6 As a result of these developments, the legitimate need to modernise the outdated public management system led local authorities and the state to transpose corporate management procedures by privileging a managerial culture across the public sector. This was without a doubt necessary. While it managed to take hold, with the purpose of demonstrating the need to control public spending, this culture is unfortunately too often transformed into a genuine ideology with all the bias, excesses and obstinacy that characterise all ideologists. The most sophisticated management methods flourished over the past forty years. Those leading public service administrations threw themselves into the fray, focusing all their efforts and acumen on achieving technical perfection, believing in good faith they were working for the public good.

7 This vision of public management had consequences on decisions that were to come. Political leaders now find themselves surrounded by information and analyses that force them to adopt a model of reasoning that does not necessarily correspond to the reality lived by the majority of citizens and that can even draw them away from the emergencies that affect them. Too often that is where the problem lies. We cannot, without according special attention, use quantifiable indicators to assess measures that impact healthcare, education and the environment, sectors that are so vital for the well-being of a state’s citizens and for the future of a society.

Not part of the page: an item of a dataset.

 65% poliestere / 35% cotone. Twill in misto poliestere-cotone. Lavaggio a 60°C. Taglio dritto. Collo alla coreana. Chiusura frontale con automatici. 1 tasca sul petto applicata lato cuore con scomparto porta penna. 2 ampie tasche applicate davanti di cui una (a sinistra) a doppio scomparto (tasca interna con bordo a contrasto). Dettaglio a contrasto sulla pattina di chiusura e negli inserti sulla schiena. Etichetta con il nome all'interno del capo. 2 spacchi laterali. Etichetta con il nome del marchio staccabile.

8 However, the current crisis does not mean that we have to abandon the managerial culture and policies that encourage sensible public finance governance, as one might be tempted to conclude in the name of the “whatever-the-cost” mindset. In fact, the real challenge will be to integrate the managerial culture in a project to give a common meaning to society over the long term. It will not be limited or confined to improving the management of how budget savings are shared. The future is what needs to be managed. With this perspective in mind, it is essential that political representatives define a crisis recovery strategy. This does not call for the state to return to an interventionist policy which, although effective during its time, now only lives on as an exalted memory. This strategy must take shape within an international framework and, more urgently, at the European level.

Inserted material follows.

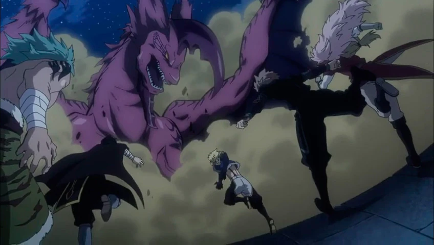 Al cabo de un rato de pelea, Sting y Rogue muestran signos de cansancio frente a Mard Geer, sin embargo su batalla es interrumpida por un extraño sonido que Sting y Rogue no son capaces de identificar. Por su parte Mard Geer se pregunta si "eso" ha venido a por el demonio gigante o a por Zeref, dando a entender que sabe qué es lo que se avecina. Entonces, ambos Dragon Slayer se quedan paralizados y comienzan a reaccionar con lo que se acerca, el dragón negro Acnologia. Un poco más tarde, ambos se reponen y se preguntan dónde está Mard Geer el cual ha desaparecido aprovechando el estado en el que se encontraban Sting y Rogue.

9 To that end, if the suspension of rules concerning limits on deficits and public borrowing proves necessary, this decision proposed by the European Commission and approved by the European Council should not be seen as a sign for members of the eurozone, and more generally the EU’s member states, to shatter their public finance policies. A system that structures and strengthens states from a financial perspective is therefore critical. The proposal spearheaded by France and a few other countries to create eurobonds called “coronabonds” could be a solution provided the EU’s twenty-seven members approve, which so far has not been the case. Beyond the resulting borrowing facilities, for some members states, and even the issues that could arise, it is a political question that is at stake. It would be a step towards more solidarity, and maybe even towards a form of financial federalism, which is much more than the economic, budgetary and even monetary coordination that is needed.

10 If brining such a change to fruition currently seems difficult considering the opposition of a number of member states, the matter is so important that it should be pursued not only during financial negotiations but also when discussing theory. Detailing and implementing a public financial governance doctrine that transcends the borders of the EU’s member states is urgent and even crucial. We need a fully-fledged European doctrine that addresses the question of financial federalism, in other words, political federalism. Now is not the time for a patch-up job or to paper over the cracks in our interconnected society. It is time to create solid political institutions suited for this world.